Ahli Geologi dari Bandung Kaji Tanah Jemblong di Gunungkidul
Peristiwa

Ahli Geologi dari Bandung Kaji Tanah Jemblong di Gunungkidul

Wonosari,(gunungkidul.sorot.co)--Banyaknya fenomena alam berupa tanah jemblong yang terjadi usai siklon Cempaka melanda Kabupaten Gunungkidul pada akhir November 2017 lalu mendapat perhatian dari Badan Geologi, Air Tanah dan Tata Lingkungan Bandung, Jawa Barat. Sejumlah ahli datang ke Gunungkidul untuk melakukan penelitian ke sejumlah lokasi, Selasa (13/02/2018).

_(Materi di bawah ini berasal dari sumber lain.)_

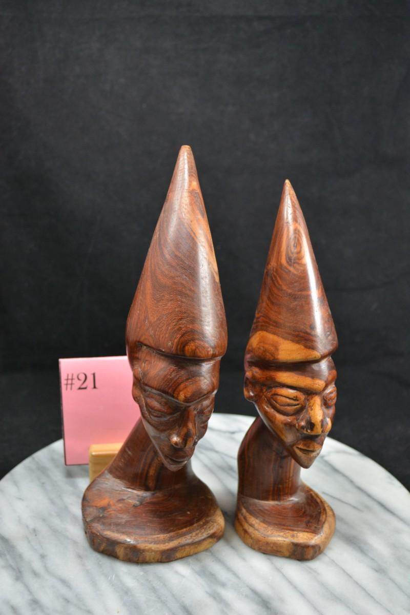 Redwood Hand Carved Tribal Statues 9.25”x8.5”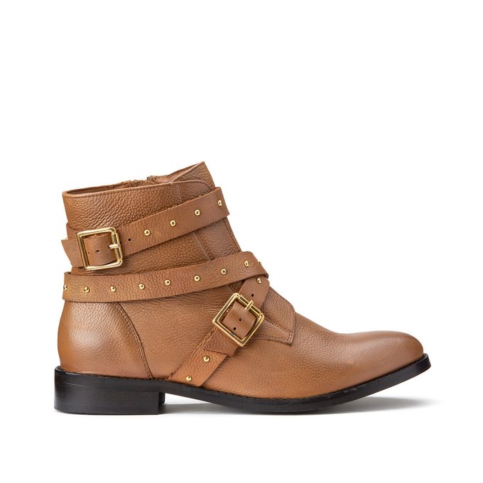 Boots la redoute clearance, Leather flat ankle boots with strap details camel La Redoute Collections | La Redoute clearance
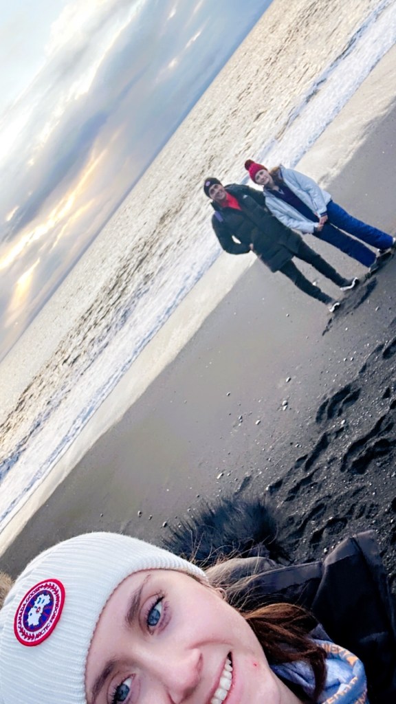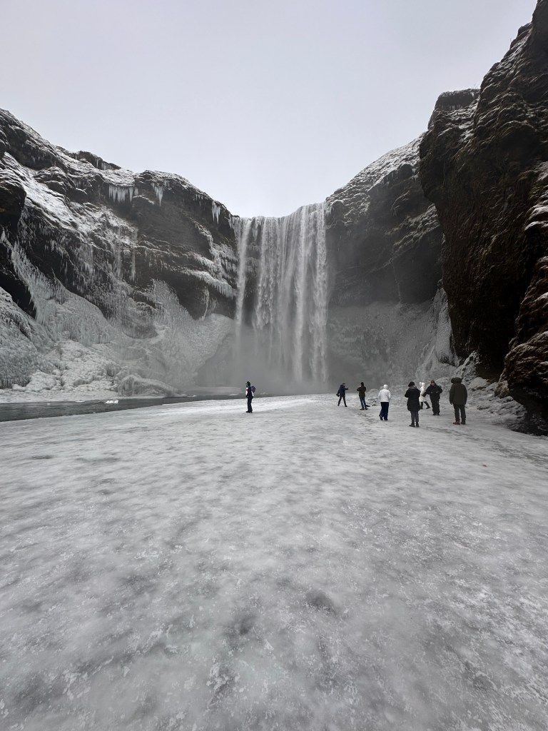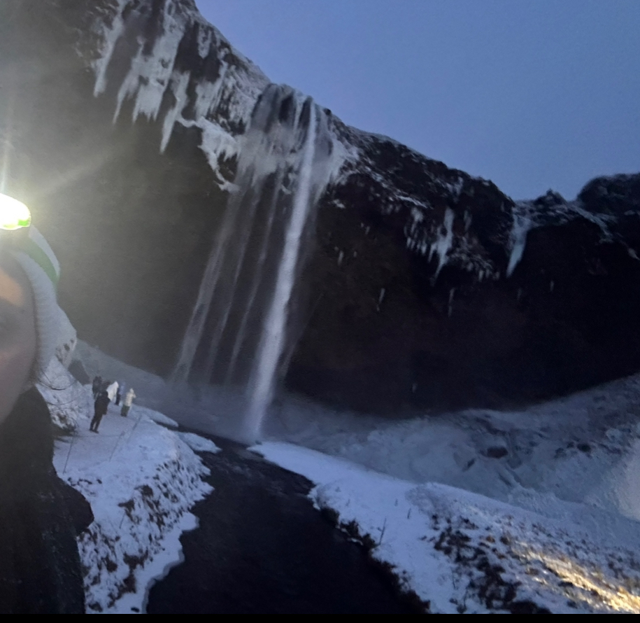 As we made our way back to the cabin, we stopped at two more incredible waterfalls, Seljalandsfoss and Kvernufoss & Skogafoss. Although we couldn’t walk behind Seljalandsfoss due to the icy conditions, we still managed to follow the trail into a little cavern that took us under the smaller waterfall. It was a surreal and magical experience.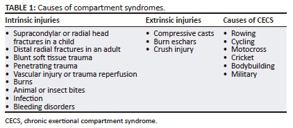The causes of acute and chronic compartment syndrome are listed in Table 1.1

Seksi Pencegahan dan Kesiapsiagaan BPBD Kabupaten Gunungkidul, Marno mengatakan, kedatangan beberapa ahli dari Bandung tersebut untuk melakukan penelitian terhadap lahan yang tanahnya ambles pasca dilanda hujan deras. Kendati demikian, dari pihak Badan Geologi maupun BPBD Gunungkidul belum bisa mengetahui penyebabnya lantaran harus menunggu hasil penelitian.

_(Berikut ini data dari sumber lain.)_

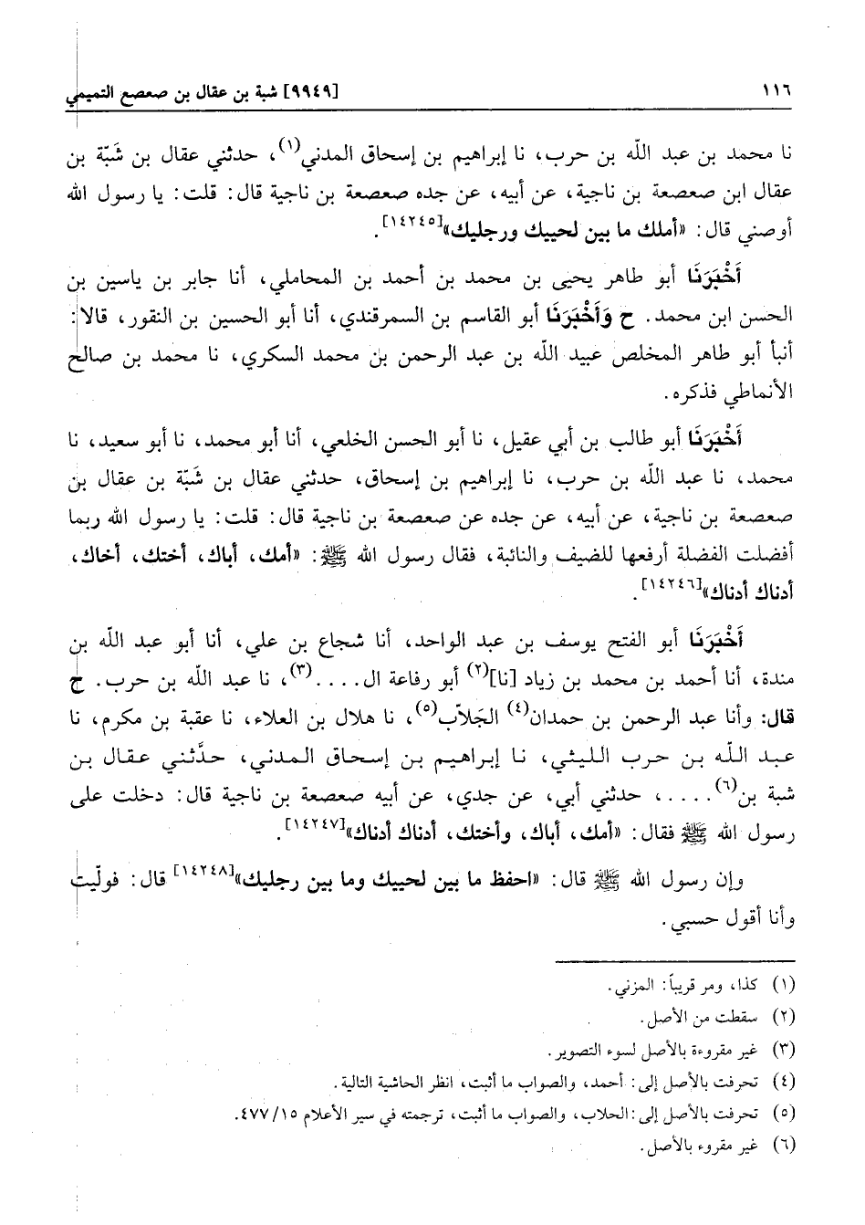 أنبأ أبو طاهر المخلص عبيد الله بن عبد الرحمن بن محمد السكري، نا محمد بن صالح الأنماطي فذكره. أخبرنا أبو طالب بن أبي عقيل، نا أبو الحسن الخلعي، أنا أبو محمد، نا أبو سعيد، نا محمد، نا عبد الله بن حرب، نا إبراهيم بن إسحاق، حدثني عقال بن شبّة بن عقال بن صعصعة بن ناجية، عن أبيه، عن جده عن صعصعة بن ناجية قال: قلت: يا رسول الله ربما أفضلت الفضلة أرفعها للضيف والنائبة، فقال رسول الله صلّى الله عليه وسلّم: «أمك، أباك، أختك، أخاك، أدناك أدناك»

Badan Geologi, Air Tanah dan Tata Lingkungan masih akan melakukan pengkajian lebih lanjut untuk mengetahui penyebab dan konstruksi tanah yang ambles itu. Beberapa sampel batuan, tanah yang berada di sekitar lokasi pun juga diambil untuk penelitian lanjutan.

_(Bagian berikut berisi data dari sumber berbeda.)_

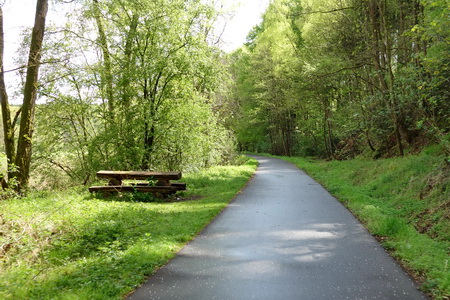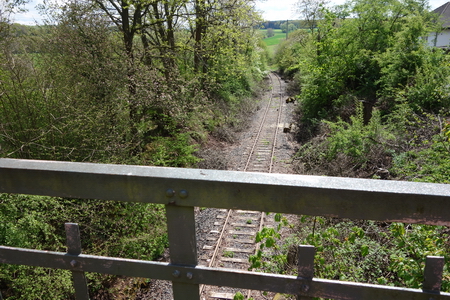 Der nächste Halt ist Lampertsfeld, mit einer Ruhebank! Dann, plötzlich, ist die Fahrt auf der Trasse zu Ende.

"Di Gunungkidul tanah ambles memang ada di beberapa titik.Untuk pengambilan sampel penelitian dilakukan di Luweng Blimbing, Serpeng, Desa Pacarejo, Kecamatan Semanu dan Pringluwang, Desa Bedoyo, Kecamatan Ponjong," ucap Marno.

Adapun yang dilakukan pada penelitian ke lapangan yakni pengambilan sampel batuan dan tanah, pengukuran lebar dan kedalaman, serta pengamatan lokasi. Kebijakan atau langkah yang akan diambil oleh pemerintah daerah baru akan diambil setelah melihat hasil penelitian. 

Pasca terjadinya bencana yang mengakibatkan tanah di Padukuhan Serpeng ambles, kedalaman terus mengalami penutupan. Hal itu akibat reruntuhan tanah dan material yang masih terus terjadi. Tanah di sekitar lokasi yang labil tentunya sangat membahayakan warga yang melintas atau ingin menonton.

"Lebarnya kurang lebih 100 meter. Sedangkan kedalaman di zona selatan masih mencapai 60 meter, tapi sudah lumayan tertutup reruntuhan material," terang dia.

Guna mengantisipasi hal-hal yang tidak diinginkan, BPBD menghimbau kepada masyarakat untuk lebih waspada dan berhati-hati saat melintas. Meski harus tetap waspada, namun warga diminta untuk tidak resah dan cemas menyikapi fenomena alam tersebut.